Quicksilver

ExecutableFileActions

An executable file [1] placed in ~/Library/Application Support/Quicksilver/Actions/ can be used to define an action.

The following is my current guess about how these actions work:

  1. If QS is instructed to execute a command whose action (second pane value) is an 'executable file action', the direct object (first pane value) is passed to the corresponding executable via argv
  2. If the running executable writes to STDOUT, the output becomes available via the command window as the value of the direct object (first pane)
  3. It may be necessary to restart QS once the file is added to the Actions directory before QS recognizes the file

AFAIU, actions of these sorts only handle string or file objects [2]. Also, it may be necessary to name the executable file w/ an appropriate file extension (e.g. .sh, .py, .pl, etc.)

[1] For example, a file which has been made executable by, say, applying chmod to it via Terminal.app (e.g. chmod 755 filename).
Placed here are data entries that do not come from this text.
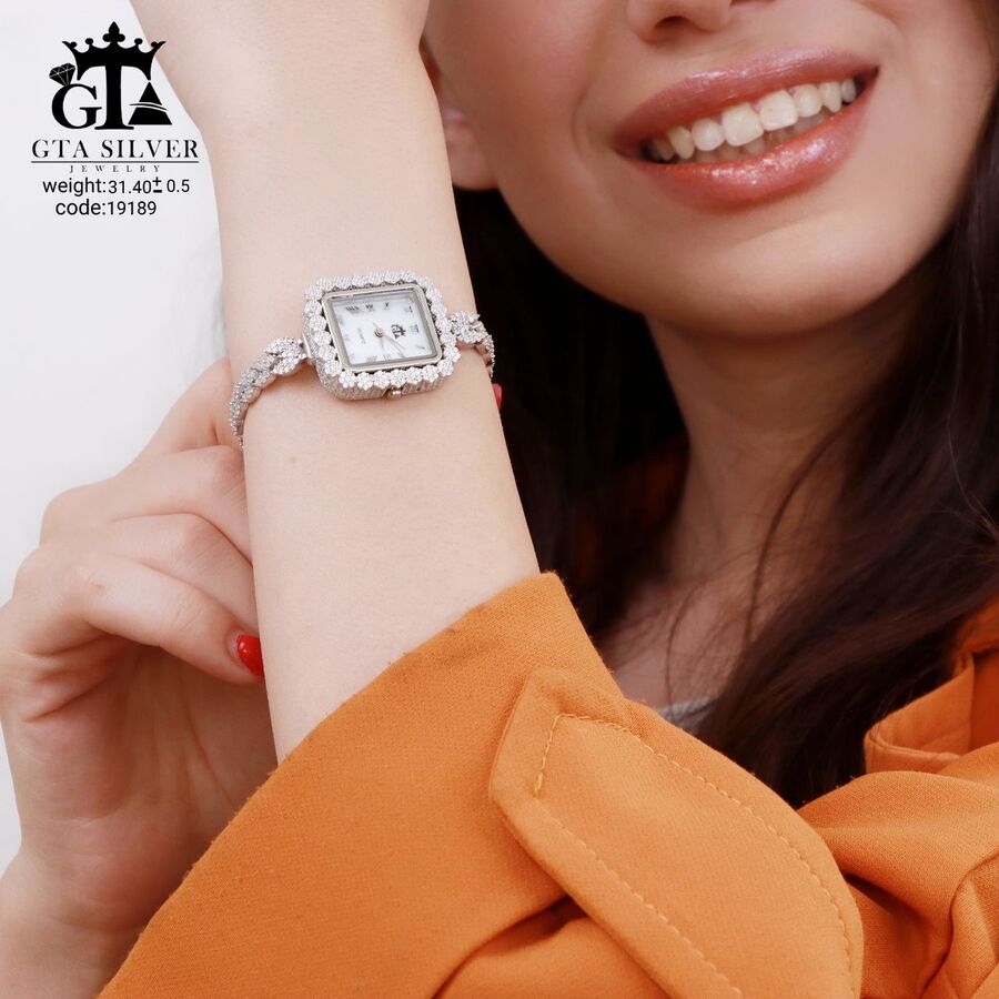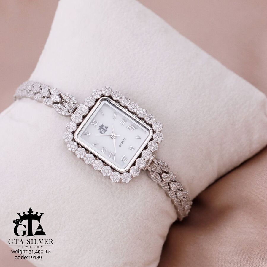ساعت جواهری رودیوم با نگین های برلیان, کاری بسیار ظریف و زیبا همراه با روکش آب طلای سفید می باشد. عیار این کار همانند تمامی کار های موجود عیار استاندارد 925 می باشد.
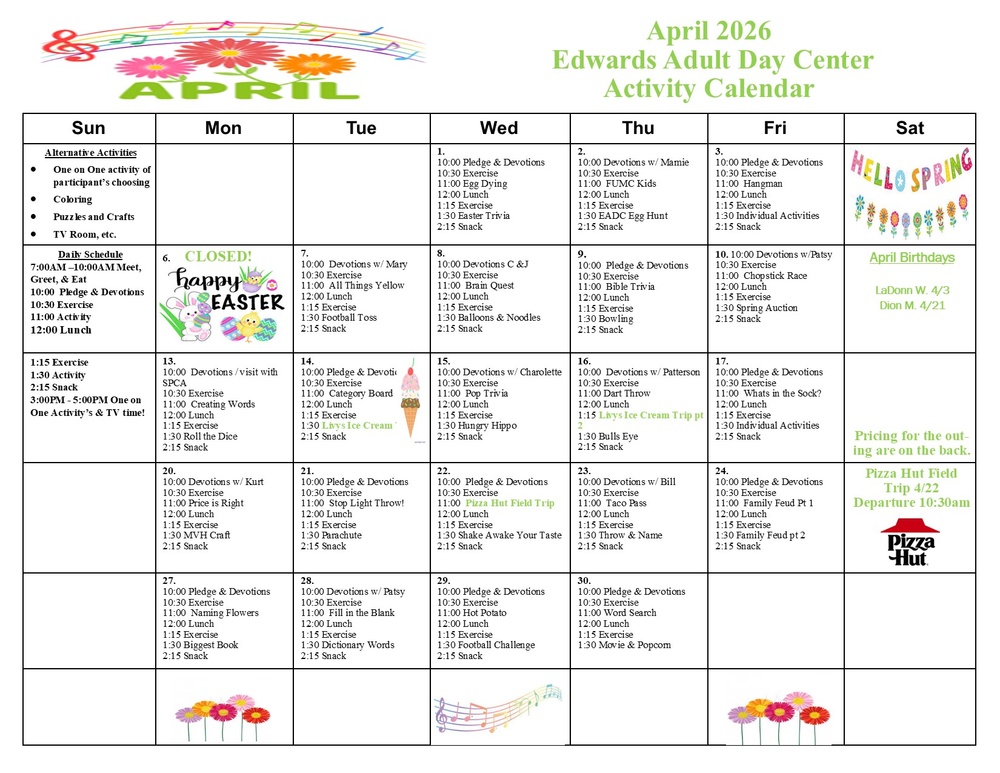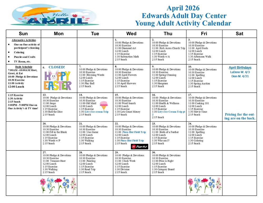 APRIL ADULT ACTIVITY CALENDAR
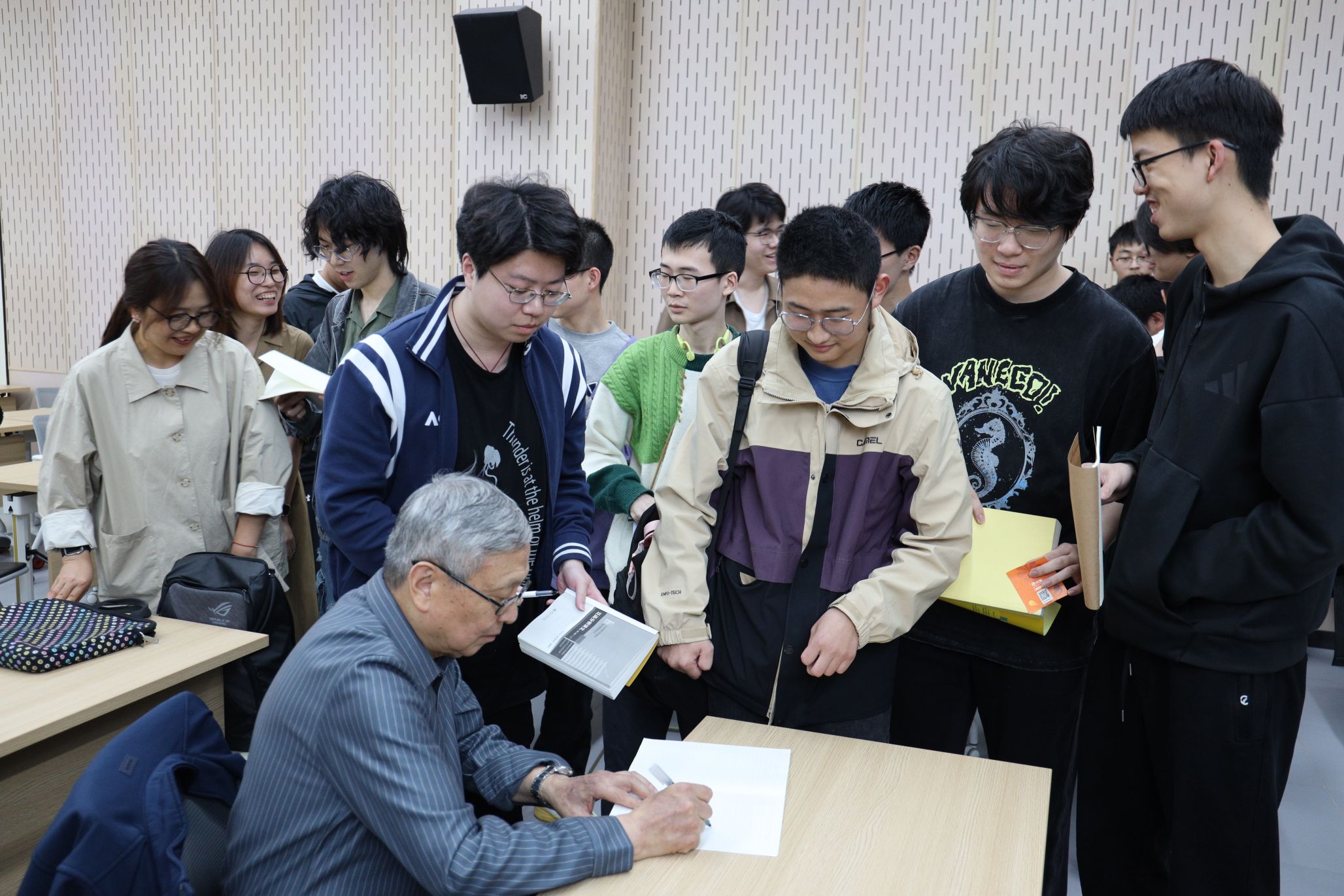 报告结束后,张益唐教授与现场师生进行了热烈的交流互动。结合自身传奇经历,他勉励学子要怀揣笃定信念与平常心,心无旁骛地追求理想,切莫遗失最初的赤诚,坚信从容深耕定能抵达超乎想象的高度。针对“朗道-西格尔零点猜想”的提问,张教授以开阔视野回应,无论猜想证伪还是证实,都将我们引向蕴含独特价值的不同“宇宙”,鼓励大家即便期待破灭也不必气馁,未来始终充满探索可能。现场师生纷纷与张教授交流并合影留念。本次活动不仅为师生带来了前沿的学术思考,更传递了坚守理想、从容豁达的人生智慧。
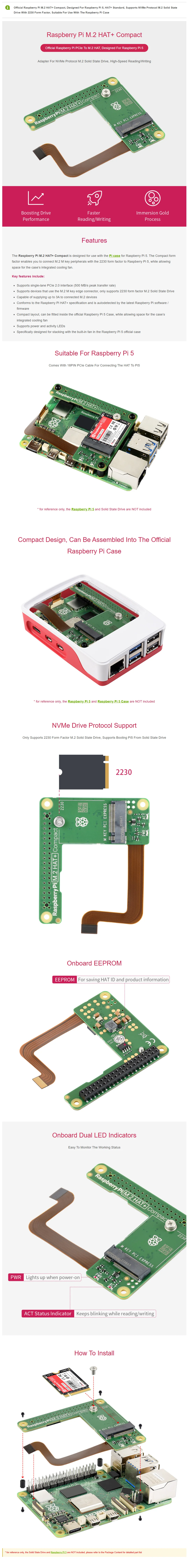 Raspberry Pi oficial M.2 HAT+: placa de expansión NVMe SSD para Raspberry Pi 5
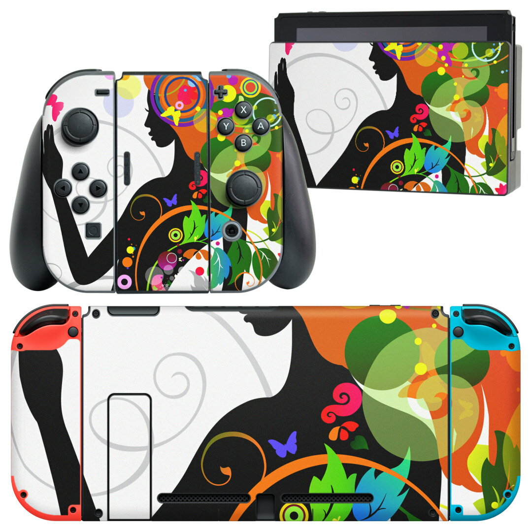 igsticker Nintendo Switch 用 デザインスキンシール 任天堂 ニンテンドー スイッチ 専用 本体ドック Joy-Con Joycon ジョイコン 専用 ゲーム機 カバー アクセサリー フィルム ステッカー 002616 花 蝶 人物 カラフル
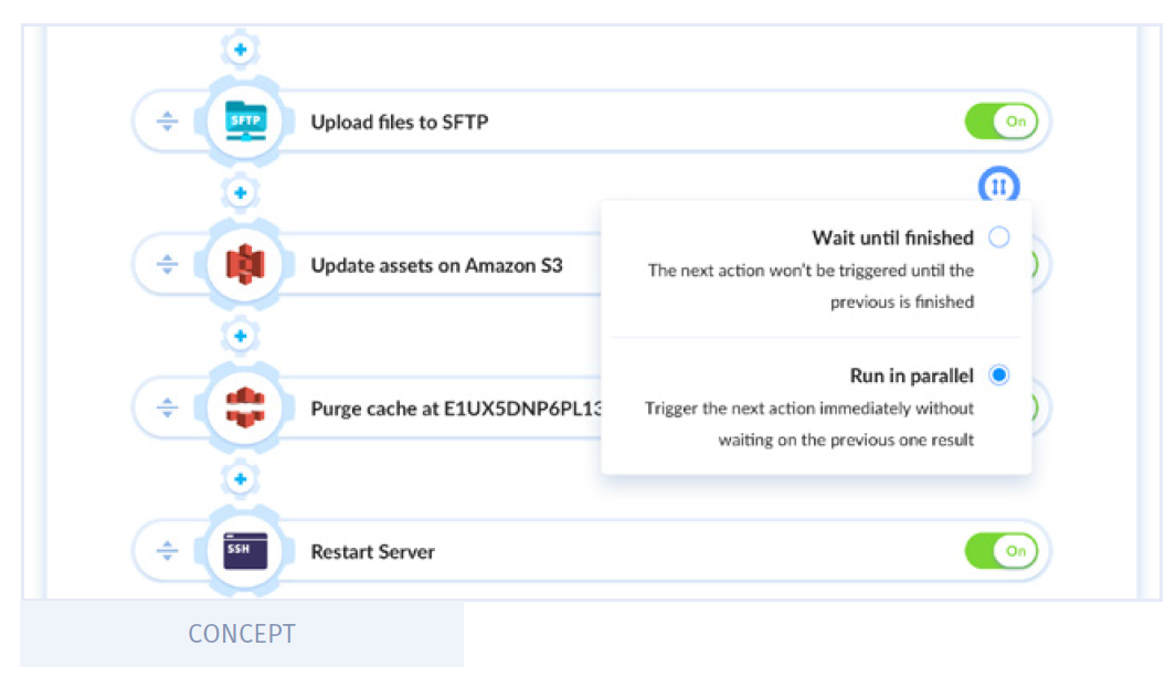 A 3-layer parrallelism system is created , and this divides pipelines and their actions into separate jobs, known as tasks that can be run simultaneously, so as to create a strong demand for Buddy’s Compute unit, encourage usage of additional resources from private networks, and help the users deliver faster.
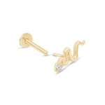These high-quality 14k yellow gold hypoallergenic piercing snake studs are perfect for those who want a modern look for their freshest piercing. Designed in a bright polished finish, these lightweight, premium quality studs feature sparkling cubic zirconia is bezel set, adding a bit of sparkle with luxe appeal to your existing or new ear piercing. Perfect for pairing with hoops and other studs on neighboring ear holes.
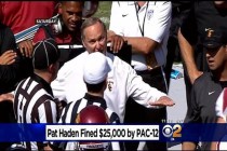 The Pac-12 Conference has reprimanded and fined Southern California athletic director Pat Haden $25,000 for coming down to the field at Stanford Stadium on Saturday and confronting game officials.
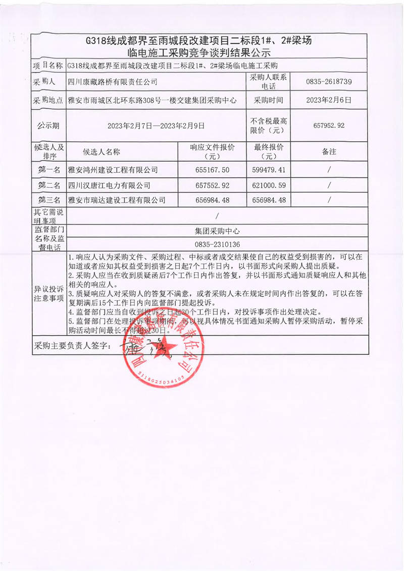 四川康藏路橋有限責(zé)任公司G318線成都界至雨城段改建項(xiàng)目二標(biāo)段1#、2#梁場(chǎng)臨電施工采購(gòu)競(jìng)爭(zhēng)談判結(jié)果公示
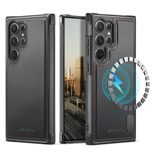 UNBLACK - جراب خلفي فاخر من جلد البولي يوريثين عالي الجودة للشحن اللاسلكي المغناطيسي متوافق مع سامسونج جالاكسي S24 الترا (اسود)

[2] The comma trick also appears to work, although if using the comma trick, it appears that only a collection of things of the same type work -- i.e. if you try to "select" multiple things using the comma trick and they are not all of the same type, the action does not come up in the second pane. Note that URLs seem to be considered strings so you appear to be able to pass strings along with URLs.

Comments

!/usr/bin/env perl -w

confirms that both text and files get passed in via argv

open(OUT, '>>/path/to/quicksilver.log') or die('failed to open log file'); print OUT map("$_\n", 'ARGV:', @ARGV); print OUT "STDIN\n", <STDIN>, "\n"; print STDOUT "this is STDOUT\n";

Thanks for the confirmation. I also confirmed it for QS B51 (3800) and I intend to update the main text appropriately.